И тут же Клобу наступили на ногу. Он вскрикнул, открыв глаза, и увидел, что это гнусное действие произвела огромная старуха в синем трикотажном костюме. Дернул ногой, пытаясь освободиться. Лицо старухи дрогнуло, но чудовищная галоша не сдвинулась ни на миллиметр.
— Слушайте! — крикнул Клоб. — Отпустите мне ногу! Ну, я прошу вас! Ну, что вам стоит! Я же вам ничего плохого не сделал!
Однако старуха стояла непоколебимо. И длилось это целую вечность, за которую Клоб успел с сожалением подумать, что когда-то она была красивой девушкой. И конечно же, ее кто-то любил, ночей не спал. И, черт возьми, до чего же ей трудно поверить сейчас, что все это когда-то было. И, конечно же, катастрофа — ощущать, как стройное нежное тело постепенно, но неотвратимо изменяется. Выпадают зубы, волосы, нет уже гладкой кожи. И мужчины не провожают взглядами. И тогда начинаешь понимать, что это — старость.
Да, ей можно посочувствовать. Но я — то почему должен страдать? Ой, как больно!
Трамвай остановился. Клоб дернулся, попытался опереться спиной о стенку и столкнуть нахальную старуху свободной ногой, но не тут-то было.
Больше ничего придумать не успел. В трамвай хлынула толпа. Клоба стиснули. Небритый дядька в помятой мушкетерской шляпе и зеленом фраке, с сеткой пустых бутылок в руках, сейчас же попытался поставить ее на голову Клобу, но промахнулся и водрузил ее на спинку сиденья.

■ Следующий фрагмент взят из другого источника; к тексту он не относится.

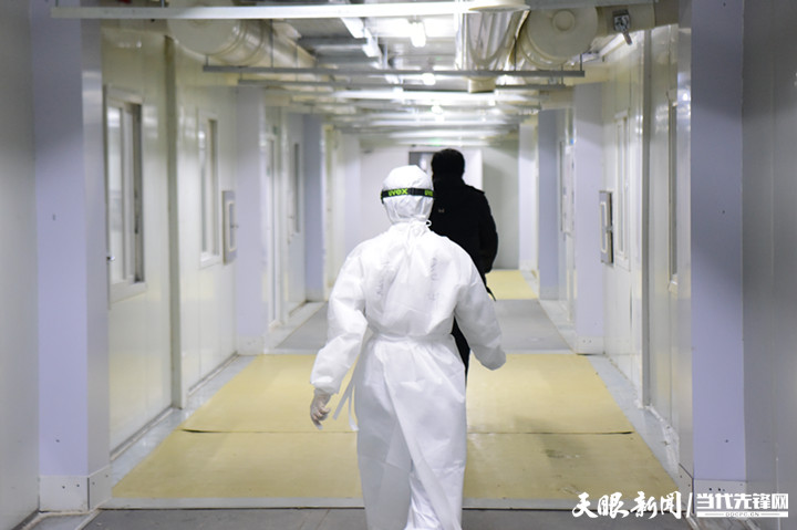 这张照片的拍摄背景是我们正在向雷山医院二病区挺进。那天晚上,所有医护人员将病房整理好,一夜收治了31位患者,当时,刘静忙碌到凌晨的背影被同事抓拍。

С другой стороны к Клобу прижался двухметровый кузнечик в черных очках и с японским зонтиком.
— Люди! — взвыл Клоб. — Погибаю! Спасите!
Но было поздно. Трамвай тронулся. В окне мелькнуло покосившееся здание театра отпора и берета, потом голубые башенки дворца звукосочетания, увенчанный треуголкой усатый солдат с вилами наперевес. Замелькали полосатые столбики. Трамвай мчался и мчался…
Клоб понял, что погиб окончательно, и закричал:
— Люди! Ратуйте! На помощь! Спасите ветерана двух картофелеуборочных кампаний!
Трамвай резко остановился. Все, кто стоял в проходе, в том числе и чудовищная старуха, рухнули друг на друга и покатились к передним дверям.
Клоб ощутил, что свободен, и резво сорвавшись с места, выскочил на улицу. Там он врезался в толпу, окружавшую водителя, который осматривал правую переднюю трамвайную ногу.
Вдоволь на нее наглядевшись, он закурил сигарету и пробормотал:
— Так я и знал, опять заноза.
По толпе пробежал шепоток. А кто-то довольно громко и негодующе сказал: “Ну, это надолго”.
Клоб плюнул и, прихрамывая, пошел домой. Свернув для того, чтобы сократить путь, в проходной двор, он чуть не налетел на какое-то громадное существо. В руке оно сжимало граненый стакан, наполненный на одну треть беловатой жидкостью.
— Лазют тут всякие, — проворчало существо. — Не дают людям проходить курс лечения. Ишь, напялил шляпу, шары твои бесстыжие.
Клоб трусливо прошмыгнул мимо и побежал, слыша за спиной какие-то малопонятные ругательства.
На улице он едва не затоптал процессию полосатых, покрытых длинным мехом гусениц, во главе которой шел Чрезвычайно важный дятел. Поневоле сбавив, ход, Клоб стал оглядываться, выискивая знакомые ориентиры.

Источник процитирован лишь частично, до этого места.